DIRECTOR COMPENSATION

         We pay our non-employee directors $10,000 per year, payable, at their
option, in cash or shares of our common stock. During fiscal 2002, we granted
each non-employee director an option to purchase 2,100 shares of our common
stock and expect to grant an option to purchase additional common stock to each
non-employee director during fiscal 2003. We reimburse directors for reasonable
expenses incurred in attending board or committee meetings.
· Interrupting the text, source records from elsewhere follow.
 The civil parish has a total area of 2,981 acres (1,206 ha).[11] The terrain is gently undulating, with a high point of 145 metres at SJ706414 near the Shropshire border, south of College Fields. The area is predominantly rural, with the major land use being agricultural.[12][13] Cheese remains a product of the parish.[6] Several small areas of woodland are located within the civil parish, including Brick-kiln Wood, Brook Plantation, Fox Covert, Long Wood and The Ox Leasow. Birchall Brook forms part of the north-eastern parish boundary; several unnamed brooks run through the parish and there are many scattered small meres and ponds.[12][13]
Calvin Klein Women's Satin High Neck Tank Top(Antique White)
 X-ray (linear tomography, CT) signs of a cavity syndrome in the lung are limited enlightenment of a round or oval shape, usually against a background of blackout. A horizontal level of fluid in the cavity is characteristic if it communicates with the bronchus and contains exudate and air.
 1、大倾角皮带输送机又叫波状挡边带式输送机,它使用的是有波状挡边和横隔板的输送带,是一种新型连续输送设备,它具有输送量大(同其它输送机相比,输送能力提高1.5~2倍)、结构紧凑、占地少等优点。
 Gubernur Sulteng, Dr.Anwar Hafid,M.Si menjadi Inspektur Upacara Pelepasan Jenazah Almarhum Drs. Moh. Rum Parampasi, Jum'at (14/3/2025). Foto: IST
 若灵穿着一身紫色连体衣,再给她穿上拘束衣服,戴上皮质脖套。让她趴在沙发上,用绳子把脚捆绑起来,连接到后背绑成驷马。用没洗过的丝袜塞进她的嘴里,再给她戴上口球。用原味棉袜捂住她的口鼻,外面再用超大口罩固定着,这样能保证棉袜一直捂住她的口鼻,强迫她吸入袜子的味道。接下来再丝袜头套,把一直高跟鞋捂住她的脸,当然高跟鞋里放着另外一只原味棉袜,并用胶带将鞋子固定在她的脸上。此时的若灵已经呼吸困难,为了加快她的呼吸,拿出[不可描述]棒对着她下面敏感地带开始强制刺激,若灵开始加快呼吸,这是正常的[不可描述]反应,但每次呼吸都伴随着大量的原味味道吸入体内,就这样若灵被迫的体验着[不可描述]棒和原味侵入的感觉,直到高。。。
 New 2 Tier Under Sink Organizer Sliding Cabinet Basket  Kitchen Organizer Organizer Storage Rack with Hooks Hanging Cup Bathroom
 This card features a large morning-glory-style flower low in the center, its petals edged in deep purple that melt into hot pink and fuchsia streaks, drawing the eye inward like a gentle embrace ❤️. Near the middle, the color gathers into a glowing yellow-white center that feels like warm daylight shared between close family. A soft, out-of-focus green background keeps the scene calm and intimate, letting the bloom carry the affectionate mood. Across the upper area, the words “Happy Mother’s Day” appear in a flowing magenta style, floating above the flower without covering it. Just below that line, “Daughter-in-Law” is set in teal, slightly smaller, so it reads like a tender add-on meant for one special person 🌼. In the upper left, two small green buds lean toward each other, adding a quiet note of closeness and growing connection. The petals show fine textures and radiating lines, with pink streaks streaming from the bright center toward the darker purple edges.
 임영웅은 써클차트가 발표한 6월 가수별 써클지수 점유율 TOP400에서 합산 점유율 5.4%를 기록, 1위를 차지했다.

                                      -12-


EQUITY COMPENSATION PLAN INFORMATION

         The following table sets forth information about our equity
compensation plans as of June 30, 2002:




                                                                                               NUMBER OF SECURITIES
                                NUMBER OF SECURITIES TO            WEIGHTED-AVERAGE          REMAINING AVAILABLE FOR
                                BE ISSUED UPON EXERCISE           EXERCISE PRICE OF              FUTURE ISSUANCE
                                OF OUTSTANDING OPTIONS,          OUTSTANDING OPTIONS,             UNDER EQUITY
        PLAN CATEGORY             WARRANTS AND RIGHTS            WARRANTS AND RIGHTS            COMPENSATION PLANS
        -------------           -----------------------          -------------------         -----------------------
                                                                                               
Equity compensation plans
approved by security holders.            3,063,314                     $15.02                           2,056,680 (a)
Equity compensation plans
not approved by security
holders......................                   --                         --                                  -- (b)
                               ---------------------------      -----------------------      --------------------
  Total......................            3,063,314                     $15.02                           2,056,680
                               ===========================      =======================      ====================


- ----------
(a)      Includes 500,000 shares available for issuance under our 2001 Employee
         Stock Purchase Plan. The number of shares reserved for issuance under
         the purchase plan is subject to an annual increase on the first day of
         each fiscal year equal to the lowest of 750,000 shares, 2.5% of our
         outstanding stock on that date or such lesser amount as may be
         determined by our board of directors.
(b)      Does not include shares that we may issue to non-employee directors in
         the future (as described above under "-- Director Compensation," we pay
         our non-employee directors $10,000 per year, payable, at their option,
         in cash or stock).

EMPLOYMENT ARRANGEMENTS

         We have entered into the following employment agreements with our Chief
Executive Officer and the other executive officers named in the Summary
Compensation Table above:

         o    our employment agreement with Mr. Effress that provides him with a
              base salary of $275,000, subject to increase by the compensation
              and benefits committee, and a bonus opportunity of at least 100%
              of his base salary at target performance;

         o    our employment agreement with Mr. Caffarelli that provides him
              with a base salary of $225,000, subject to increase by the
              compensation and benefits committee, and a bonus opportunity of at
              least 50% of his base salary at target performance;

         o    our employment agreement with Mr. Croteau that provides him with a
              base salary of $225,000, subject to increase by the compensation
              and benefits committee, and a bonus opportunity of at least 50% of
              his base salary at target performance;

         o    our employment agreement with Mr. Drill that provides him with a
              base salary of $225,000, subject to increase by the compensation
              and benefits committee, and a bonus opportunity of at least 50% of
              his base salary at target performance; and

         o    our employment agreement with Mr. McWhorter that provides him with
              a base salary of $225,000, subject to increase by the compensation
              and benefits committee, and a bonus opportunity of at least 50% of
              his base salary at target performance.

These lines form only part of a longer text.